Hannah wrote @ December 3rd, 2008 at 4:20 am
Aw, sorry this pie didn’t work out for you- Crusts can definitely be tricky. At least you’ll know for next time and perhaps be happier with the results, right? It’s all a learning process… 
Sihan wrote @ December 4th, 2008 at 1:31 am
welcome to the club! anyway. i don’t quite get it, you mean the filling was soft or the crust? cause from the looks of it, the prebaked crust looked pretty fine to me?
Eunice wrote @ December 4th, 2008 at 2:50 am
Really now, your pumpkin pecan pie atually looks REALLY GOOD! And you say it wasn’t fit to eat!? Reading your post helped understand a little. But I am outraged. A good looking pie, not fit to eat? SACRILEGIOUS!
Hehe, I hope your linzer cookies turn out fabulous though!!!
didally wrote @ December 16th, 2008 at 3:44 pm
Piggy: Terrible mistake I’ve made!! I used the wrong amount of butter. Argh… It’s ok. It’s an experience indeed. Shall try making tarts again.
Thanks for the tips!
Vibi: I would hope they taste good too. Oh well, better luck next time.
noobcook, ovenhaven, hannah: Thanks for the encouragement!

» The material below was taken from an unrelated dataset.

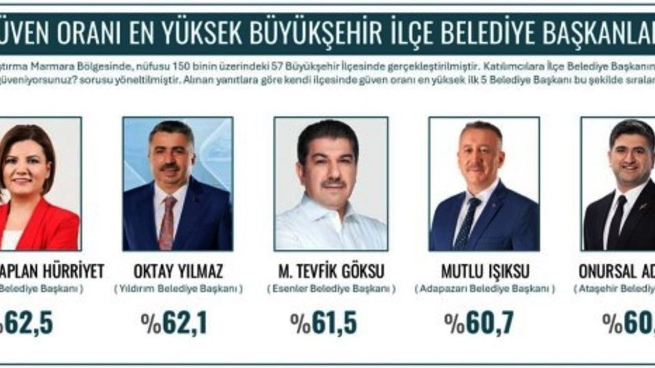 Araştırma sonuçları, yerel yönetim performansında partiler arası dengeli bir tabloyu da gözler önüne serdi. İlk 5 basamakta 3 AK Partili ve 2 CHP’li başkanın yer alması, başarılı belediyecilik anlayışının Marmara genelinde farklı siyasi kimliklerle hayat bulduğunu gösterdi.
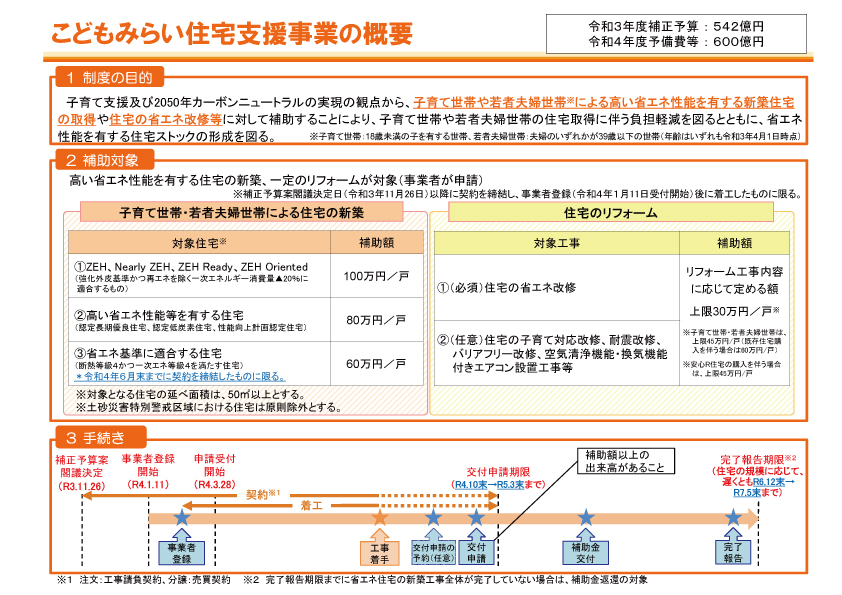 原油価格・物価高騰による住宅価格上昇への対策として子育て世帯等による省エネ住宅購入支援等を継続的に実施する事業です。

terri: Thanks for dropping by!
LIC: The photos are taken at night with my compact cam. The lightings are not good but I needed to post it fast. So yeah, i was tired to do a proper shot. lol
Sihan: I thought the tart look ok too, until I sliced it. It was SO greasy cos I doubled the amount of butter instead. hahah… The pumpkin filling was soft, didn’t harden.